ACTIVITY: Reproduce exactly the lines from the one containing "Sprink Digital ’s" through the end of the listing, minus the pictures.

DATA SHOWN:

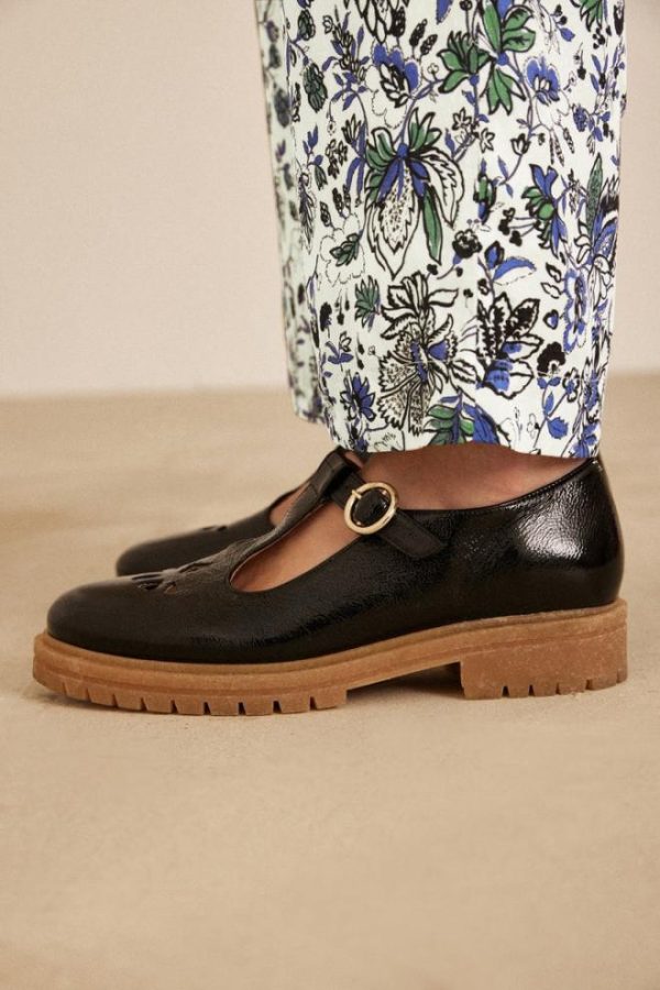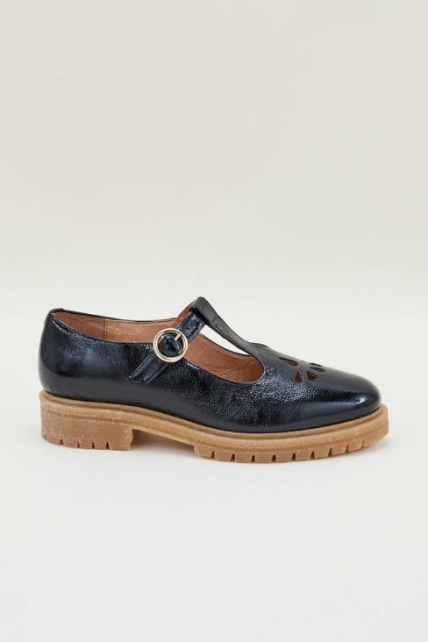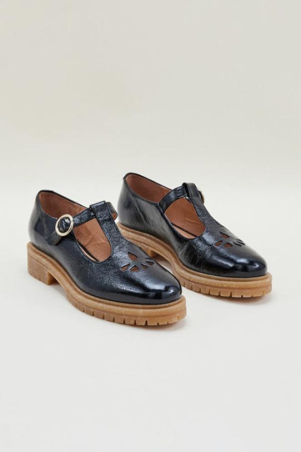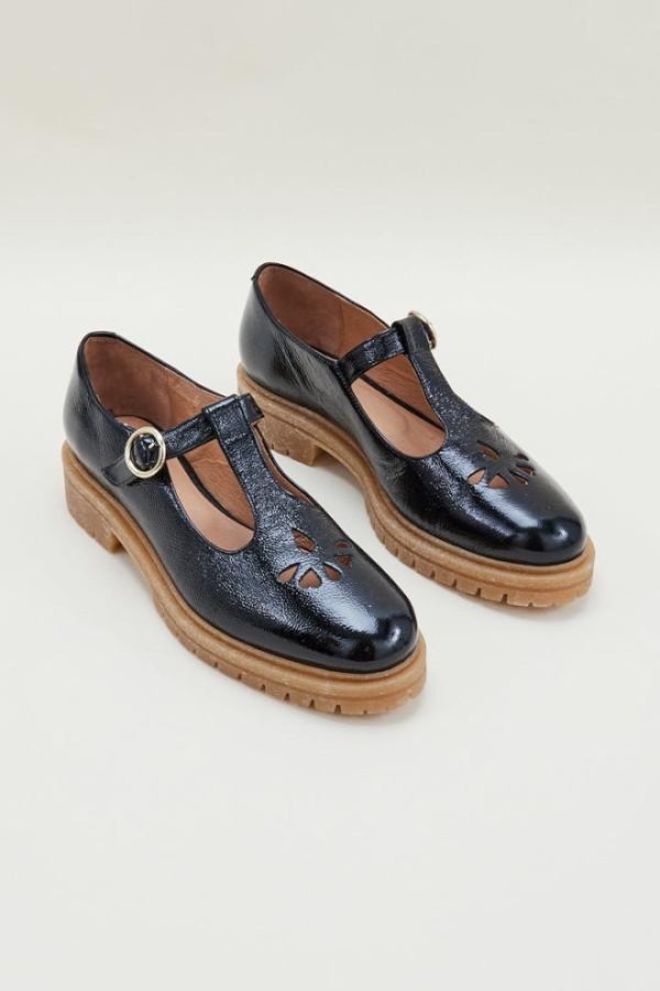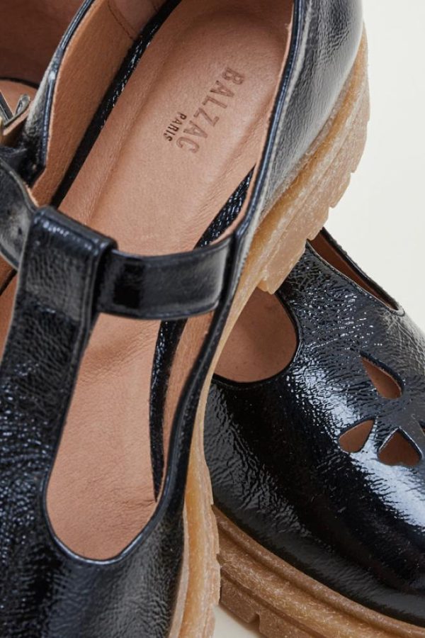 Les babies Romy vernis froissé noir sont idéales pour la mi-saison. Elles se portent aussi bien avec des collants que sans.
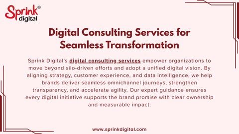 Sprink Digital ’s digital consulting services empower organizations to move beyond silo - driven efforts and adopt a unified digital vision . By aligning strategy, customer experience, and data intelligence, we help brands deliver seamless omnichannel journeys , strengthen transparency, and accelerate agility. Our expert guidance ensures every digital initiative supports the brand promise with clear ownership and measurable impact .
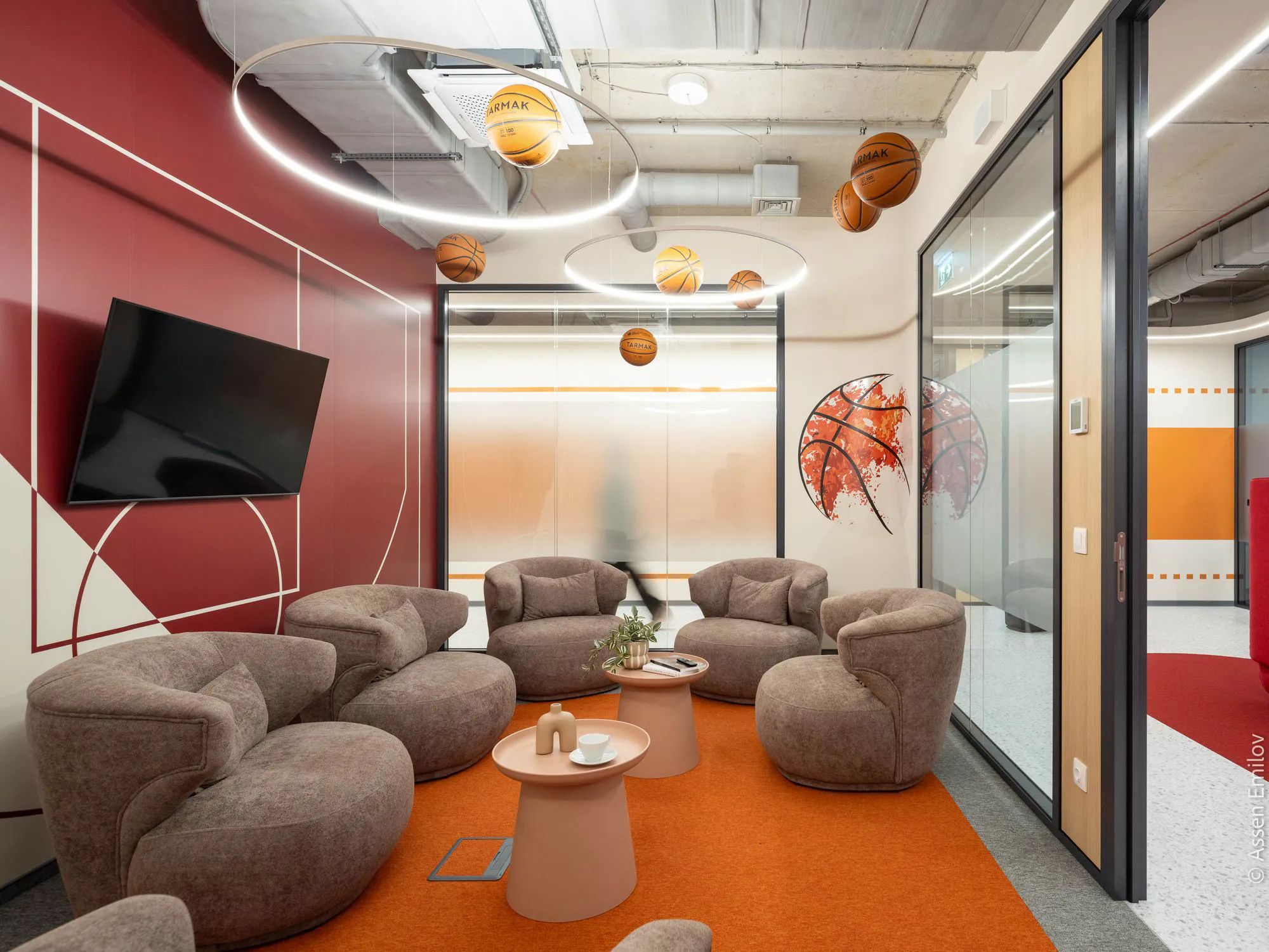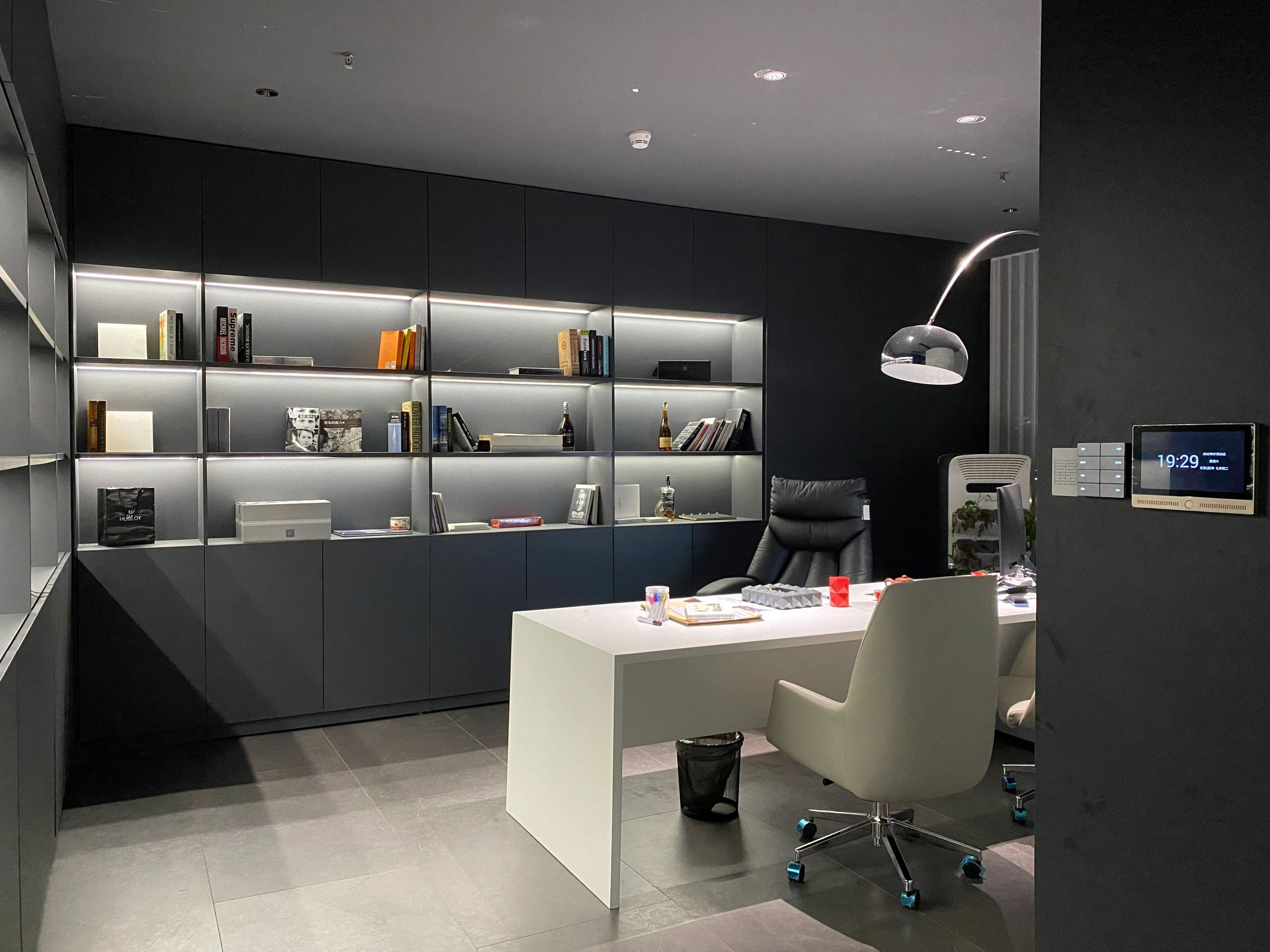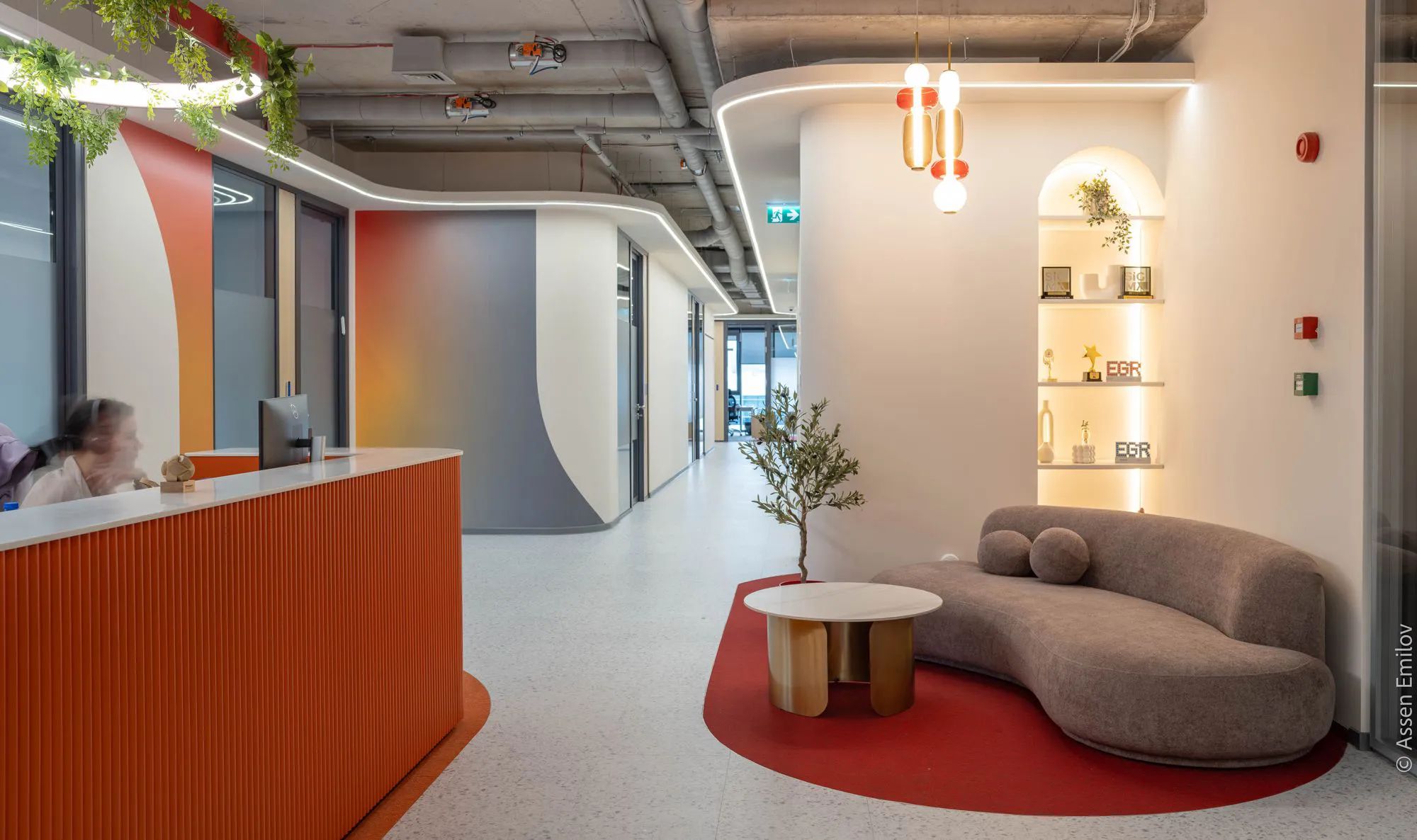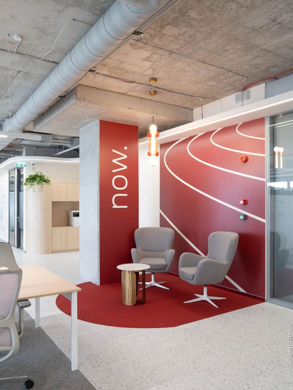 在家具和软装的搭配上,以黑白灰作为基础色调,局部搭配企业颜色,鲜亮的色彩使整体办公空间更加具有年轻化和现代感,工作时也会更有活力和激情

EXPECTED OUTPUT:
 Sprink Digital ’s digital consulting services empower organizations to move beyond silo - driven efforts and adopt a unified digital vision . By aligning strategy, customer experience, and data intelligence, we help brands deliver seamless omnichannel journeys , strengthen transparency, and accelerate agility. Our expert guidance ensures every digital initiative supports the brand promise with clear ownership and measurable impact .
 在家具和软装的搭配上,以黑白灰作为基础色调,局部搭配企业颜色,鲜亮的色彩使整体办公空间更加具有年轻化和现代感,工作时也会更有活力和激情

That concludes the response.